Data below:
<<<<
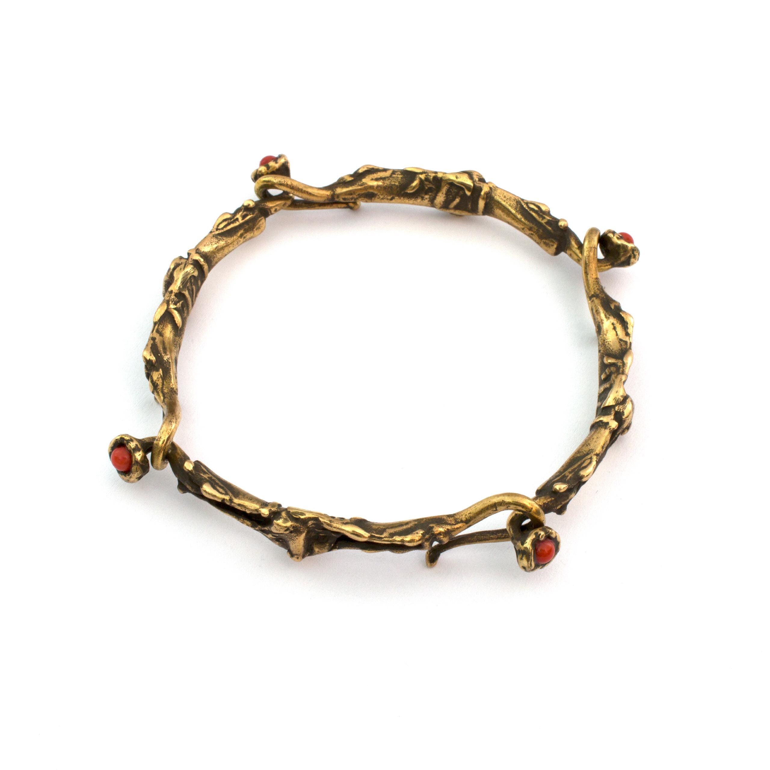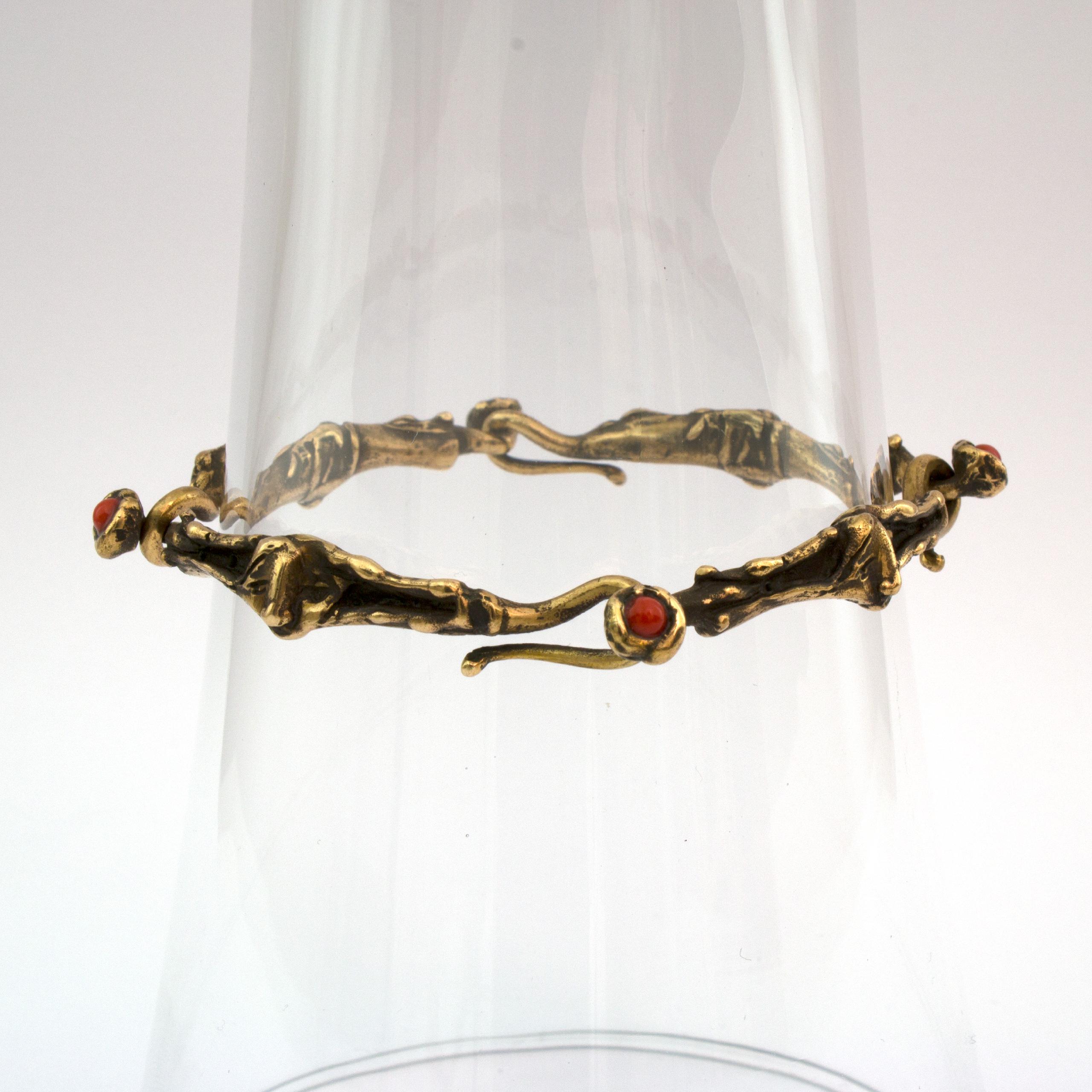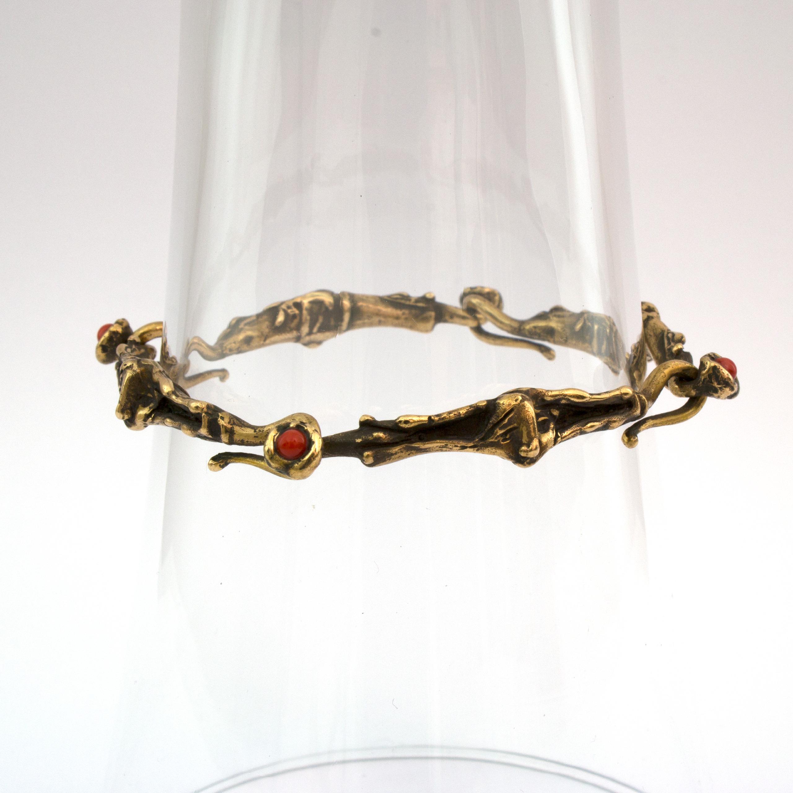 Bronze Bracelet with Coral by Vojtěška Vlčková Catalogue number: 121 Original title: Čtyřčlánkový Author: Vojtěška Vlčková Production: Jaromíra Pavlíková Material: bronze Technology: lost wax casting
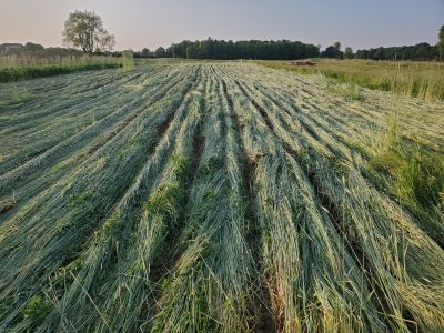May 29 2023. The rye was very tall and laid down well. I did have difficulties choosing the correct amount of down pressure on the crimper as the more down pressure the more difficult it was to steer. I did use braking for some steering. Just in case I will run the crimper over it again tomorrow.
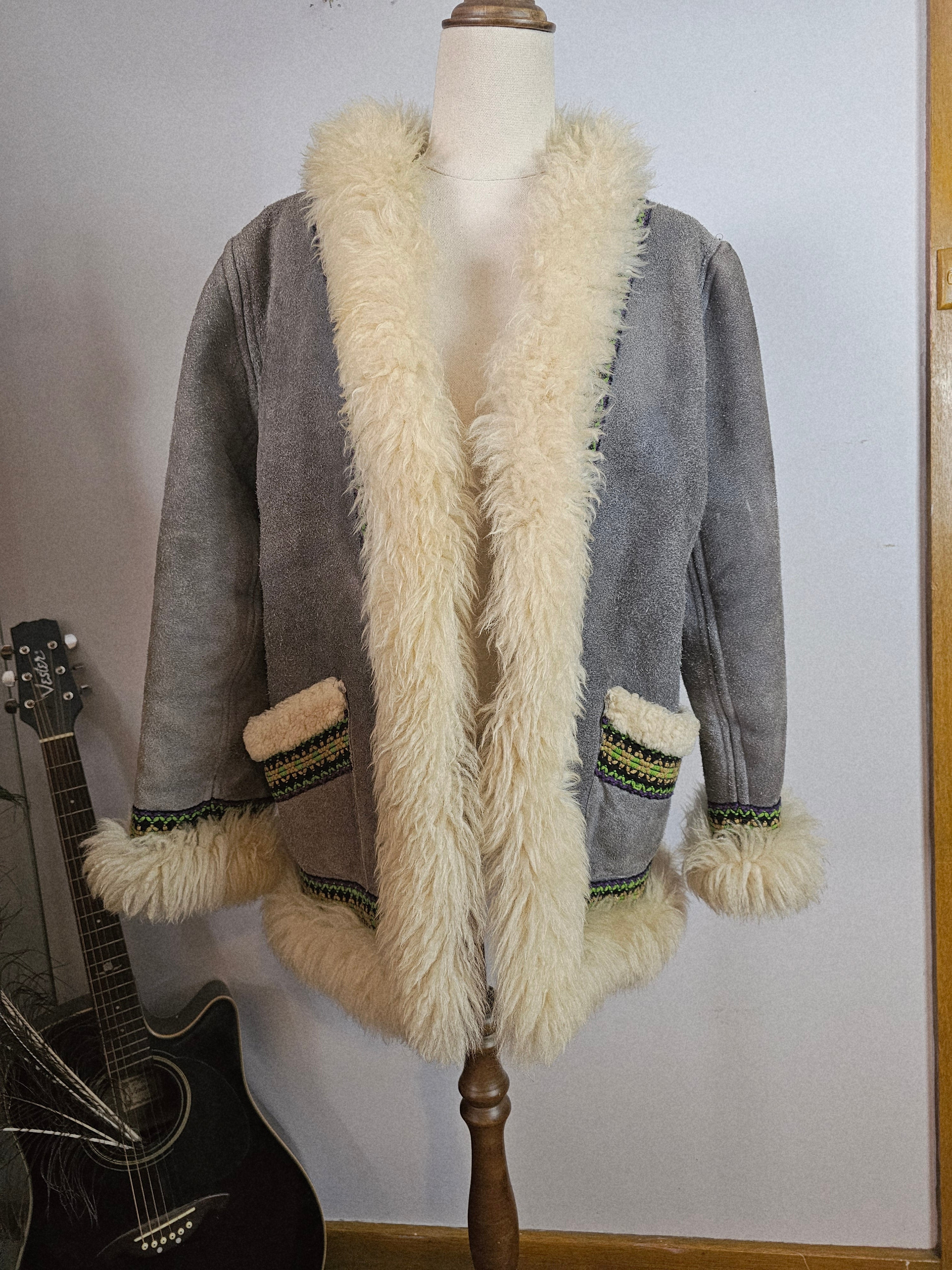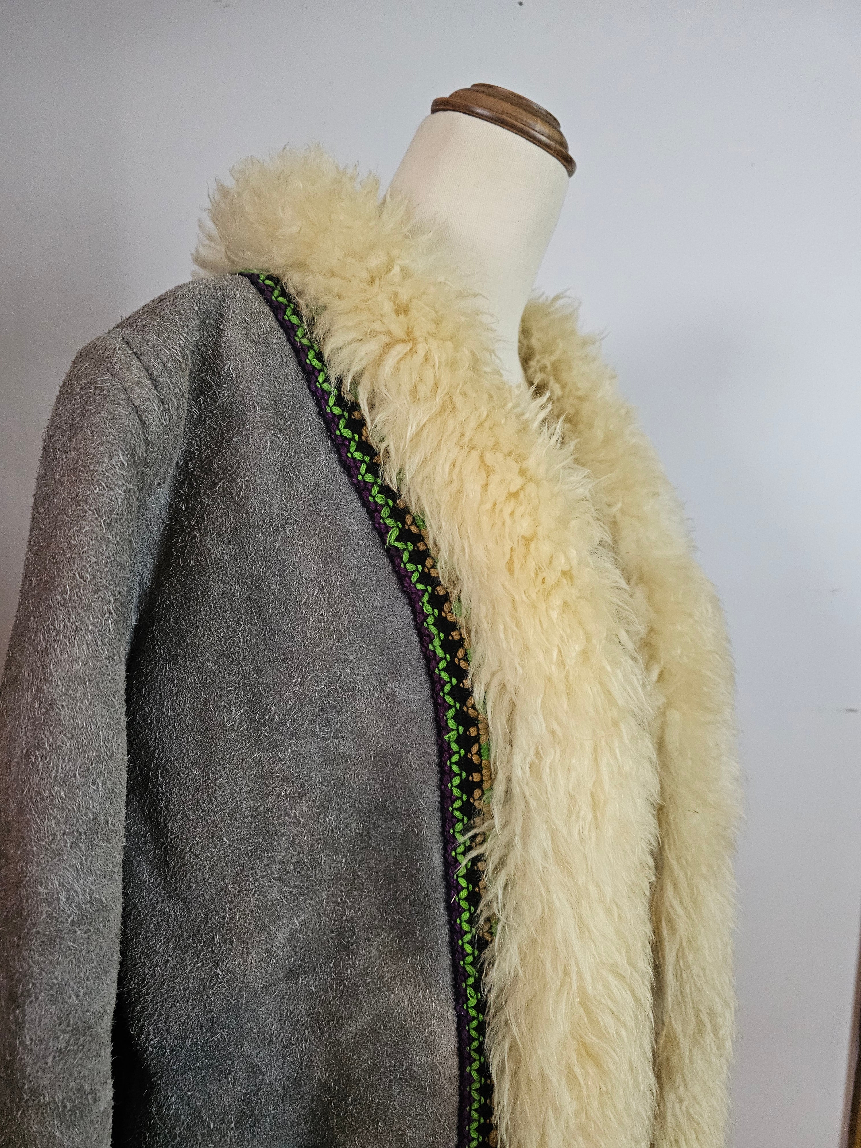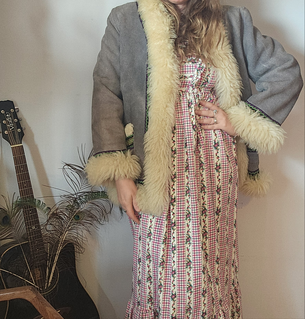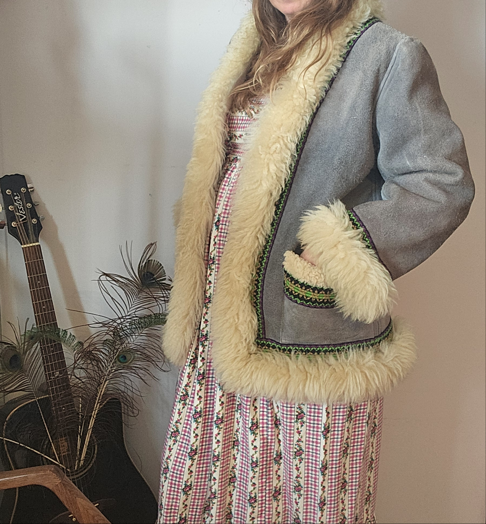Snug like a mountain hug, this vintage gem brings full 70s soul with its creamy thick shearling trim and slate grey suede shell. Trimmed with woven folk-inspired ribbon in vibrant greens and purples, she’s earthy, bold, and made to be lived in.
>>>>
Activity: Repeat the listing in full and to the letter, excluding every image.

Answer to this problem:
 Bronze Bracelet with Coral by Vojtěška Vlčková Catalogue number: 121 Original title: Čtyřčlánkový Author: Vojtěška Vlčková Production: Jaromíra Pavlíková Material: bronze Technology: lost wax casting
May 29 2023. The rye was very tall and laid down well. I did have difficulties choosing the correct amount of down pressure on the crimper as the more down pressure the more difficult it was to steer. I did use braking for some steering. Just in case I will run the crimper over it again tomorrow.
Snug like a mountain hug, this vintage gem brings full 70s soul with its creamy thick shearling trim and slate grey suede shell. Trimmed with woven folk-inspired ribbon in vibrant greens and purples, she’s earthy, bold, and made to be lived in.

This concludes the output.